Adele Robey and her husband, Bruce, opened the H Street Playhouse in 2004 when the corridor east of Union Station was lined with vacant properties. Since then, nearly a dozen clubs and restaurants have moved in, and developers are building luxury housing.

In 2006, after the Robeys renovated their property, the District valued the theater at $514,000, and the assessment will top $1 million next year. Their tax payments, also doubled since 2006, will exceed $19,000 in 2008.

"Emotionally I feel sort of -- betrayed is a strong word, but it's the word I have in my conscience -- by the District," Adele Robey said. She and her husband are considering adding to the theater to build condominium apartments.

For all their angst, Stiegman and the Robeys can comfort themselves with the knowledge that they own their properties. Harry Schnipper, proprietor of Blues Alley, the venerable Georgetown jazz club, is not so fortunate.
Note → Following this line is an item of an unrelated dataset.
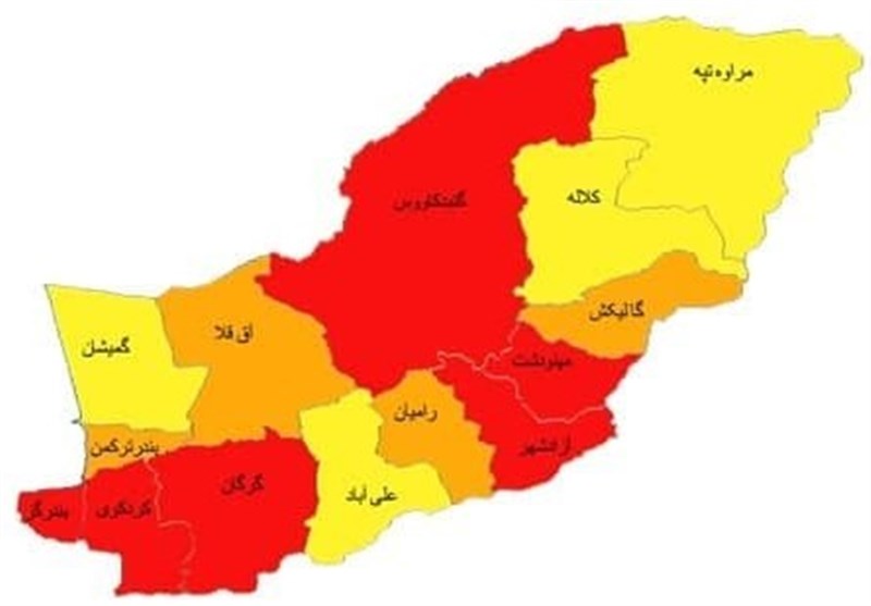 در زمان حاضر از 14 شهرستان وضعیت 6 شهرستان شامل بندرگز، کردکوی، گرگان، آزادشهر، مینودشت و گنبدکاووس قرمز شده است، همچنین بندرترکمن، آققلا، رامیان و گالیکش هم در شرایط هشدار کرونایی هستند و وضعیت سایر شهرستانها شامل گمیشان، علیآبادکتول، کلاله و مراوهتپه نیز زرد است.

Like many commercial leaseholders, Schnipper said he pays not only the rent but also the property taxes. In 2006, when the club, in an alley off Wisconsin Avenue NW, was assessed at $683,000, Schnipper's tax bill was more than $12,600. In 2008, the bill will approach $20,000.

Schnipper said he is prepared to move Blues Alley, which has hosted the likes of Dizzy Gillespie and Sarah Vaughn, out of Washington if the assessment continues to rise. "These kinds of places define neighborhoods," he said. "If you want to preserve the character and personality of a place, you've got to come up with a plan."

For decades, developers gravitated to the suburbs as residents migrated from crime-plagued and financially stressed cities such as Washington and New York. But in the 1990s, as crime rates declined and land in outlying areas was developed, investors started returning to cities, triggering a wave of construction, driving up land prices and attracting the kind of retailers that had gravitated to the suburbs.

In Manhattan, for example, avenues from Broadway to Lexington have been taken over by chain drugstores, bank branches and coffee bars, blurring the line between city and suburb and fostering concerns that what traditionally defines an urban area is fading.

"If the city looks like the suburbs, where's the sense of metropolis, and all those things associated with it -- the mix and diversity?" asked Jerilou Hammett, an editor of the recently published "The Suburbanization of New York: Is the World's Greatest City Becoming Just Another Town?"

In Washington, commercial property values rose nearly 28 percent, on average, from 2006 to 2007, District records show. The average increase for 2008 is 21 percent.

The jump has been more dramatic in some neighborhoods, including Columbia Heights, where the increase was nearly 50 percent from 2006 to 2007, and Trinidad, where it was 42 percent. The edges of Capitol Hill -- H Street, Barracks Row, the Navy Yard -- experienced a surge of 77 percent in that period.